# Browning BLR pistol to straight grip



## Mtn lover (Dec 24, 2013)

Hi guys,
I'm the proud owner of a new blr 308 take down with a pistol grip.
I actually prefer the straight, western style grip. The pistol style stock is ok but I like the western forend a lot better. What are my best (cheapest, since I already broke the bank) options on changing the stocks ?? Since it's a take down model, I'm not sure I'll be able to find a after market stock and so far pricing is pretty stiff. Any chance someone is out there who wants to switch ? Will everthing switch over ? Caliber shouldn't matter as long as it's a short action. Right ?

Any help will be appreciated.
Thanks,
Jeff


----------



## leoparddog (Dec 25, 2013)

I think the big question will be the shape of the tang.  Often the straight grip will have straight tang and the pistol grip's tang will curve down to match the grip.   This should probably be the first question you get an answer for.

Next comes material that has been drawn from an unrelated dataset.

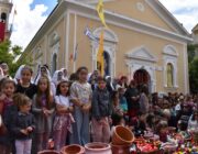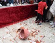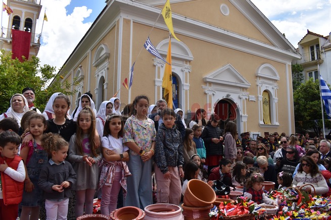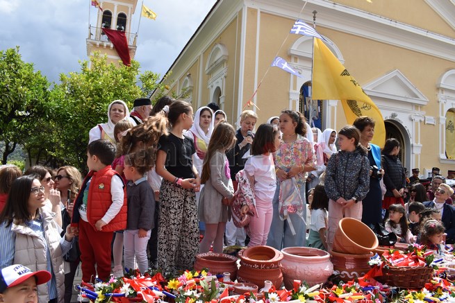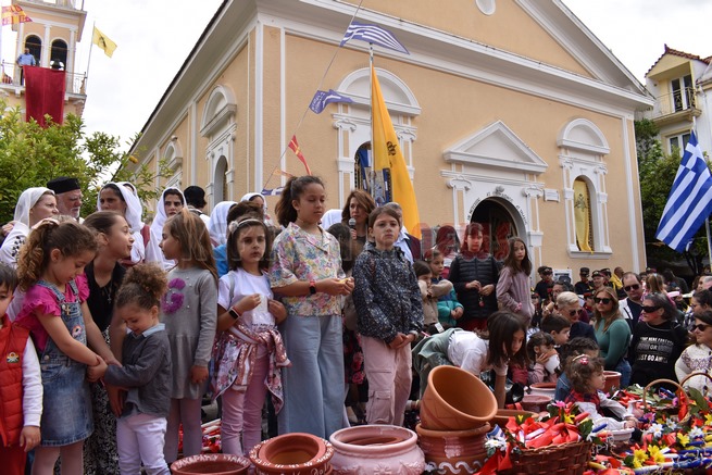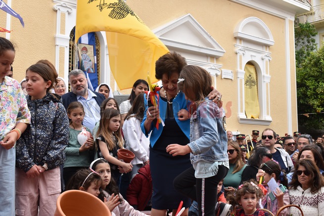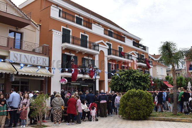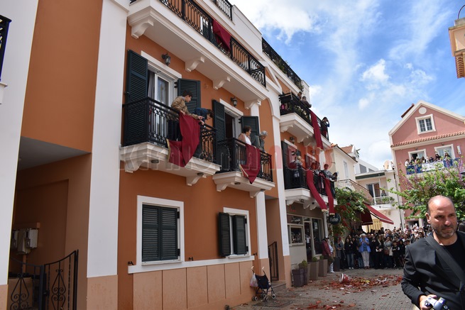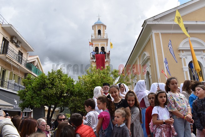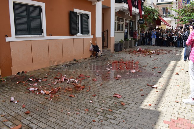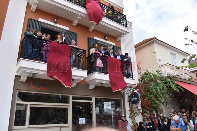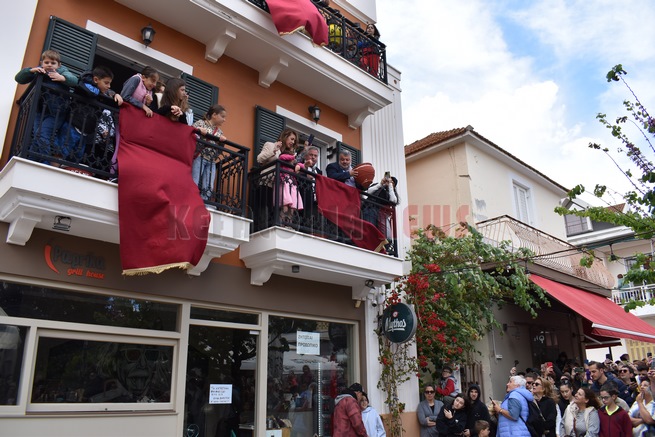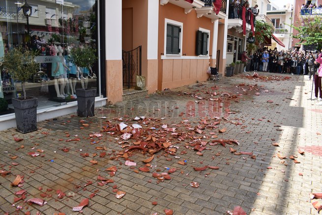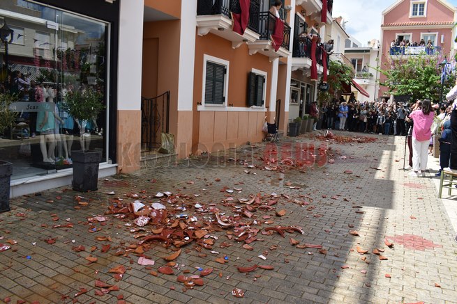 Χαιρέτησε ο Δήμαρχος Αργοστολίου Θεόφιλος Μιχαλάτος και στη συνέχεια ήρθε και ο Βουλευτής Π. Καππάτος, εκεί ήταν και ο Βίκτορας Ρουχωτάς. Φέτος ήταν απίστευτη η συμμετοχή του κόσμου. Γέμισε το Λιθόστρωτο σε σημείο να μην μπορείς να προχωρήσεις. Το Λύκειο Ελληνίδων και η κ. Ευρώπη Μοσχονά πάλι πρωταγωνίστησε στο έθιμο μαζί με τα …”παιδιά” της όπου χόρεψαν και μαζί με μικρά παιδιά πέταξαν και έσπασαν μπότηδες. Όπως κάθε χρόνο ο Βαγγέλης Μαζαράκης πάνω από το Καμπαναριό πέταξε στάμνες. Η Φιλαρμονική “Διονύσης Λαυράγκας” με μαέστρο τον Βασίλη Περλεκίδη παιάνισε έξω από τον Άγιο Σπυρίδωνα και μοιράστηκαν από μέλη του Λυκείου Ελληνίδων αναστάσιμες λαμπάδες προσφορά του Δήμου Αργοστολίου.

I think there is a thread on this sub-forum where the member straightened a lever action tang to go from pistol grip to straight buttstock


----------



## Mtn lover (Dec 26, 2013)

by tang, you mean the lever ? That should switch over too, assuming I had another gun to swap with. Otherwise I would have to by one. Right now my low dollar goal is just to switch the forend.
Thanks,
Jeff


----------



## leoparddog (Dec 28, 2013)

Sorry if I misread the OP.  Switching just the forend shouldn't be much trouble.  It should be a straight swap.

Regarding the lever and tang. Most Leverguns have an upper and lower tang - see this photo I stole from another thread (Thanks Sharps40).  That lower tang is curved to match the lever and wood.  A straight lever couldn't just be swapped in as the curved lower tang would interfere.  Your BLR may or may not have this feature.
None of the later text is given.